NASA, meanwhile, has been developing and recently completed testing of several fission power components that use a Stirling engine, and which could enable the possible use of nuclear power on the moon and Mars.

A fission surface power system (Figure 3) could use a small nuclear reactor, about the size of an office trash can, and Stirling power generators to produce 40 kW — enough electricity to power a future lunar or Mars outpost. The electricity produced could be used for life support, performing experiments, recharging rovers, and mining resources, researchers said in August.

3.     A Stirling idea. An artist’s concept of a fission surface power system on the surface of the moon. The system uses a nuclear reactor—about the size of a trash can, which would be buried below the lunar surface to make use of lunar soil as additional radiation shielding—and a Stirling engine to produce 40 kW. NASA scientists recently completed a test in which the Stirling engines were heated with a pumped liquid metal to replicate how heat could be delivered from the reactor to the converter. Source: NASA

Here’s how the systems works. Inside the reactor is a bundle of small tubes filled with uranium. Outside the reactor are control drums. One side of each drum reflects neutrons and the other side absorbs them, providing a way to control the rate that neutrons escaping the reactor core are reflected back in. To start up the unit, the absorbent side of each control drum is turned out, away from the reactor core, so the reflective material faces in and sends escaping neutrons back in to the core. The resulting increase in available neutrons enables a self-sustaining chain reaction, which produces heat.

A coolant (a sodium potassium mixture) flows through the passageways between the tubes, picks up the thermal heat produced by the reacting uranium, and transfers the heat to the Stirling engine. The Stirling engine then generates electricity.
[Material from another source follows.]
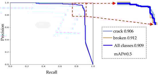 As shown in Figure 16, the dataset includes crack and breakage instances during the training process, with the average accuracy of crack detection being 90.6%. Figure 17 shows the detection results of the improved YOLOv5s algorithm model on saggers. The model shows a good detection effect. By utilizing the surface curvature map information, the improved model can more accurately locate and detect the position of sagger defects in complex backgrounds, reducing both false positives and false negatives, and thereby improving detection accuracy.

Meanwhile, the coolant, which has "downloaded" some of its cargo (heat) to the Stirling engine, circulates back through the reactor core, where it picks up heat and is ready to repeat the entire cycle.

The system would use only a miniscule amount of fuel — 1 kg of uranium every 15 years — and still have enough reactivity to run for decades.
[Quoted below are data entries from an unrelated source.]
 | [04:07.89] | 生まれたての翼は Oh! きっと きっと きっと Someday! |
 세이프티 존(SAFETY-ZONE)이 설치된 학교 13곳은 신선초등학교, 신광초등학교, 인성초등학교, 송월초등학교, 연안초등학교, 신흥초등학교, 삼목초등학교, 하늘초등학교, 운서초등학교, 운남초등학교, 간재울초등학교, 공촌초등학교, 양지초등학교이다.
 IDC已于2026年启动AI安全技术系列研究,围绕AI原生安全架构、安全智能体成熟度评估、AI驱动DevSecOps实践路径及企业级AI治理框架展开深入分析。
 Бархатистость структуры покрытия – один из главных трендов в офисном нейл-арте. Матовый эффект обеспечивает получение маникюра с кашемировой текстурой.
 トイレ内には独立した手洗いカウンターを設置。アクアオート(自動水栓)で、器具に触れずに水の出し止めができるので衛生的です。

A test completed at NASA’s Marshall Space Flight Center, Huntsville, Ala., used Stirling engines that were heated with liquid metal to replicate how heat could be delivered from a reactor to the converter. "[The test] was a major accomplishment on the road to demonstrating technical feasibility of fission surface power," said NASA, who has been developing the system for decades.

"The engines performed flawlessly producing over 2 kilowatts of electricity at a gross thermal efficiency of about 32 per cent with liquid metal temperatures as high as 550 degrees C," said Steve Geng, the Glenn lead for the test.
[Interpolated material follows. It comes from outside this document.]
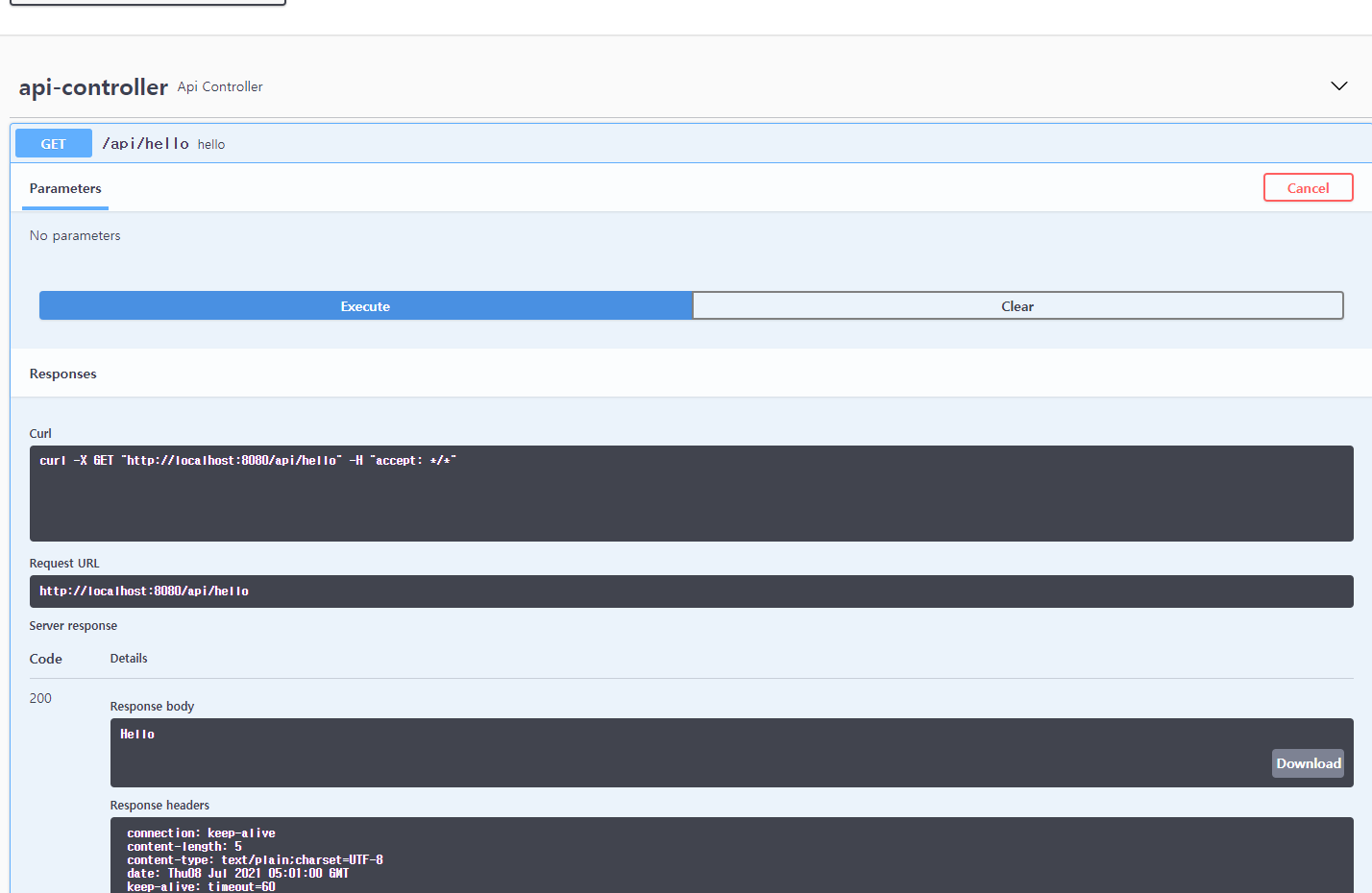 Response body에 우리가 보낸 Hello 가 정상적으로 찍히는 걸 확인할 수 있다

NASA’s Glenn Research Center in Cleveland, Ohio, developed the data and control system for the test Stirling engines, which were designed and built by Sunpower Inc., an Athens, Ohio – based company. Glenn also designed the Stirling heat exchangers that were fabricated by Mound Advanced Technology Center in Miamisburg, Ohio. The test loop at Marshall included an electrically heated reactor simulator designed by Los Alamos National Laboratory and an electromagnetic pump supplied by Idaho National Laboratory.